Weird summarization results - the summary is longer than the input
See original GitHub issue🐛 Bug
Information
Summarization task is returning an unexpected results. For an input of
“We have a telephony partner who is very interested in this program and may be able to help identify pilot customers.”
The results is
[{‘summary_text’: ‘“We have a telephony partner who is very interested in this program and may be able to help identify pilot customers,” the company says. “We are looking at a number of different ways to get people talking to each other,” it adds. “It's a very exciting time for us,” says the company's chief operating officer.’}]
Model I am using (Bert, XLNet …): Summarization pipeline
Language I am using the model on (English, Chinese …): Eng
The problem arises when using:
- the official example scripts: (give details below)
- [V ] my own modified scripts: (give details below)
The tasks I am working on is:
- an official GLUE/SQUaD task: (give the name)
- [V ] my own task or dataset: (give details below)
To reproduce
Steps to reproduce the behavior:
- Execute below script
!pip install -q transformers --upgrade
from transformers import pipeline
summarizer = pipeline(task="summarization")

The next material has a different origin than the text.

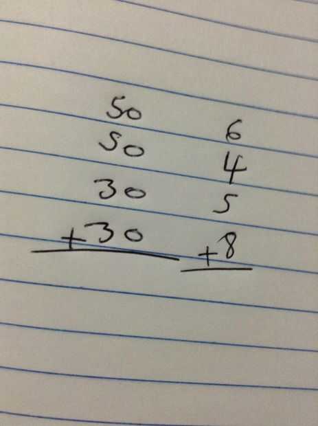 Es muy difícil añadir 56,54,35 y 38 muy rápido en su cabeza. Mi profesor de matemáticas de la computadora me enseñó este truco. Cada segundo dígito en cada número y añadir un cero en su lugar. Así que ahora es 50,50,30 y 30 que es igual a 160, pero recuerda que todavía tienes esos dígitos segundo 6,4,5 y 8 que se suma a los 23, añadir los 23 a los 160 que se suma a 182. Si tienes un problema como 16 más 20 quitar el 6 que hace 10, ahora agregar el 20 y el 10 es 30 ahora toma que 6 que tomó distancia de diez y añadirlo a la 30 que hace que la respuesta final 36.

data = "We have a telephony partner who is very interested in this program and may be able to help identify pilot customers."
print(summarizer(data))
Expected behavior
Would expect the summary to 1) not add contextual information that doesn’t exist, and 2) to not be longer than the input. Arguably the input is short but still…
Environment info
Colab
Issue Analytics
- State:
- Created 3 years ago
- Comments:7 (3 by maintainers)
Top GitHub Comments
As a side request, it would be awesome to have metrics associated with each models that are part of transformers to help users choose the right one for their job (cc: @julien-c ).
Unfortunately, Bart can only process 1024 tokens at once, so your best best would be to split your doc into chunks, summarize each one, and concatenate the summaries.